Ashanti is positively glowing after retiring, ahead of schedule, all of its existing revolving credit facility, as well as outstanding exchangeable notes originally due in March 2003. The notes were seen as a key cap on the stock price. The company has since secured a new $200 million five-year revolver on better terms.
Lower financing costs played a key role in boosting earnings before exceptional items, which rose by a third to $18.8 million over the same quarter a year ago.
The increase was also achieved in the face of a 7% decline in second quarter production. For the half-year, production is off 3% to 778,000 ounces, but the net margin on each ounce produced is up more than a quarter from $65 per ounce to $82. The second quarter margin improved to 86% from 80% in the March period.
Get rid of Lonmin
Investors are itching for corporate action after a three-year hiatus.
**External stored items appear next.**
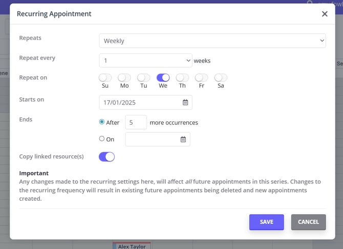 - Copy linked resource(s): Enable this option to automatically copy any resources linked to the initial appointment across all appointments in the series. You can update these copied resources for individual appointments in the series as needed.
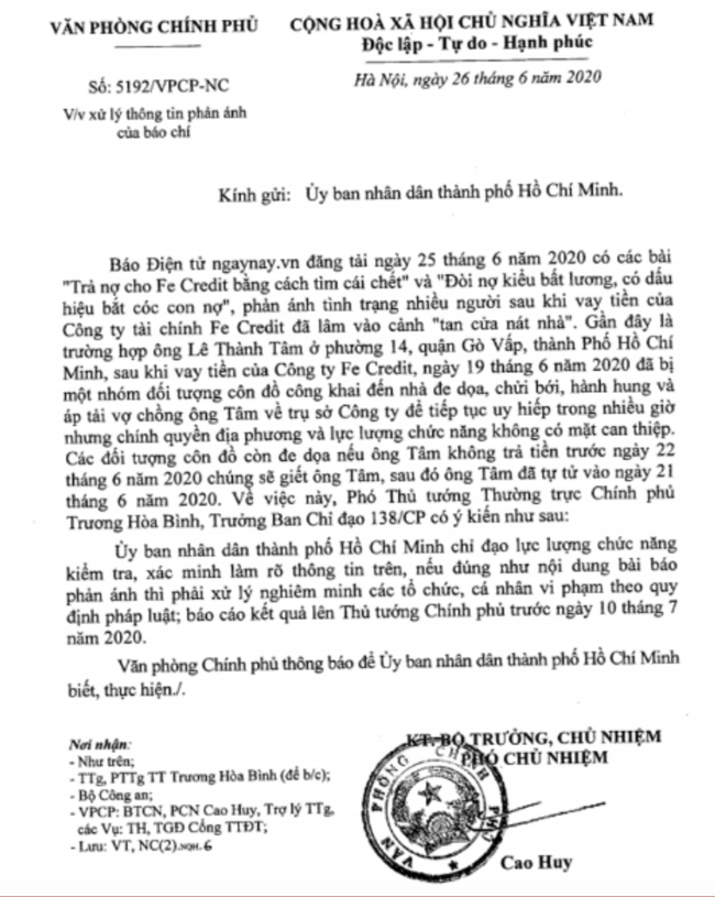 Mới đây, Văn phòng Chính phủ đã có văn bản gửi Uỷ ban nhân dân TP.HCM để nghị xác minh và xử lý nghiêm vụ việc có liên quan đến hoạt động cho vay của Công ty tài chính Fe Credit.
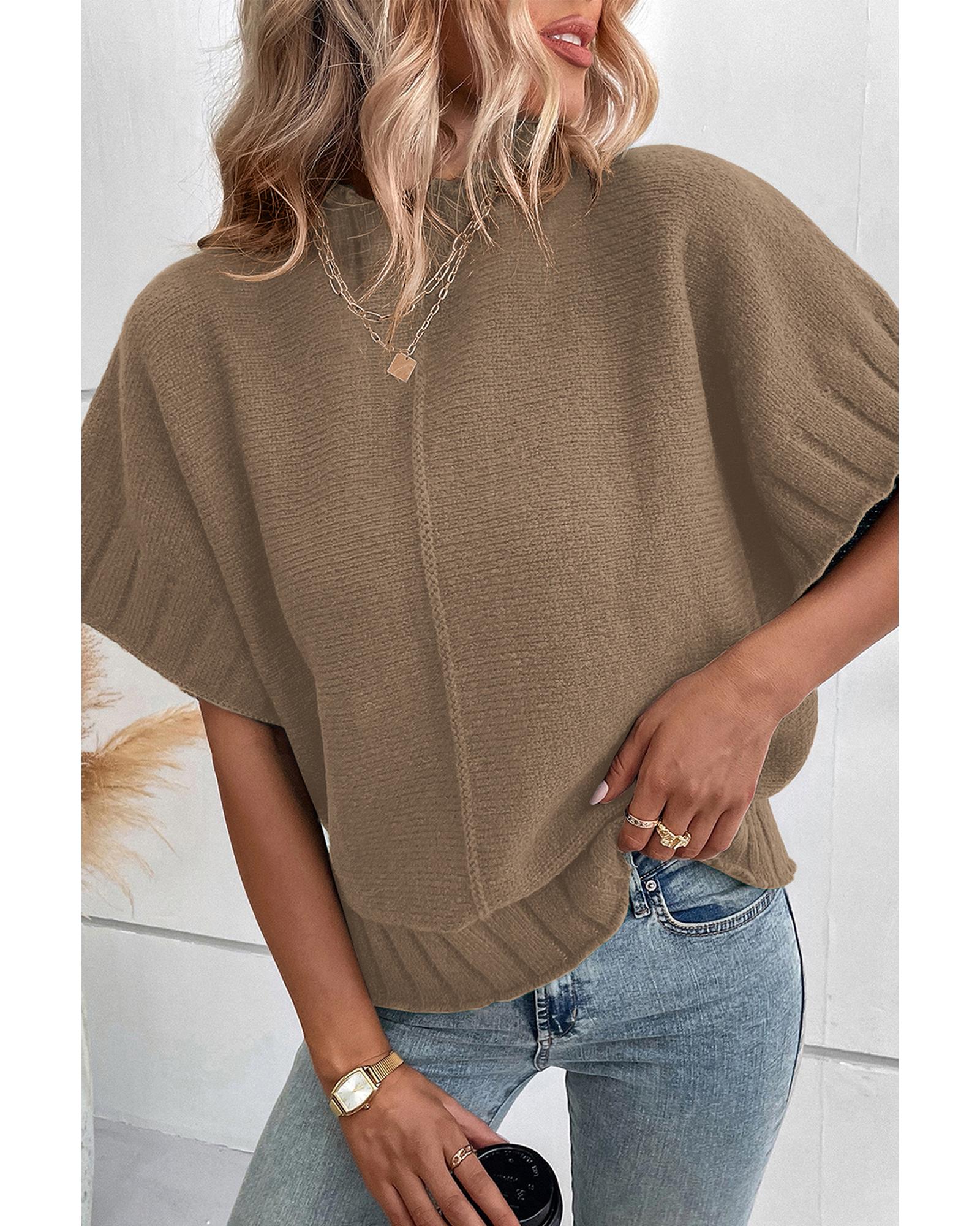 Desert Palm Mock Neck Batwing Short Sleeve Knit Sweater - XL
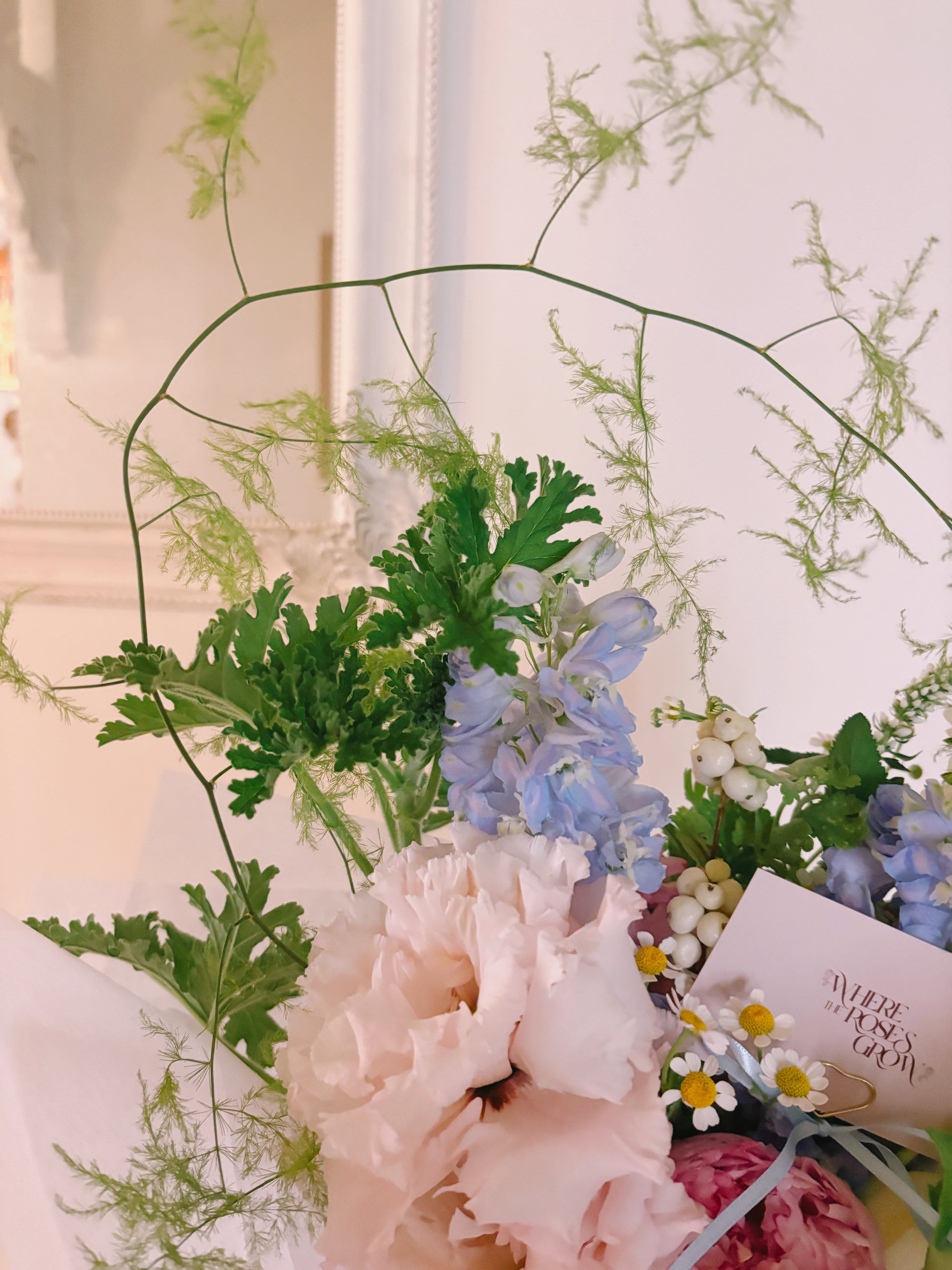 Her signature feature is the delicate asparagus fern arch — a naturally sculptural element that creates an ethereal, almost halo-like shape above the bouquet. It brings a sense of movement and something a little unexpected, making The Jemima feel truly special and one of a kind.

Robert Nap of Millennium Partners expressed typical frustration, noting that Ashanti trades at a 40% discount to net asset value while its competitors all command reasonable premiums. It is priced at around 20-5 times forward earnings which is a crying shame against comparable producers and especially some of the juniors that are racking up tech-bubble like multiples.
The view is that the Ghanaian government's "golden share" is not what's holding Ashanti back, but the further consolidation of Lonmin's stake in the company.
Ashanti chief executive Sam Jonah reiterated what the market already knows - that Lonmin is intent on dealing Ashanti into the consolidation game. The market is still rife with rumours that Gold Fields [GFI] is eyeing Lonmin as a vehicle to achieve a London listing, obtain more platinum exposure to compliment is Arctic Platinum project and cement its position in the Ghanaian gold fields.
Treasury boss Mark Arnesen surmised that the banks, who had converted their warrants into equity, were probably selling down their positions which was weighing on the stock price.
Analyst price targets are certainly in the buy range, north of $5. The most recent upgrade came from the well respected gold team at Goldman Sachs which rated it "Market Outperform" since 3 July. Prior to that JP Morgan downgraded the stock in May to a "Long-Term Buy".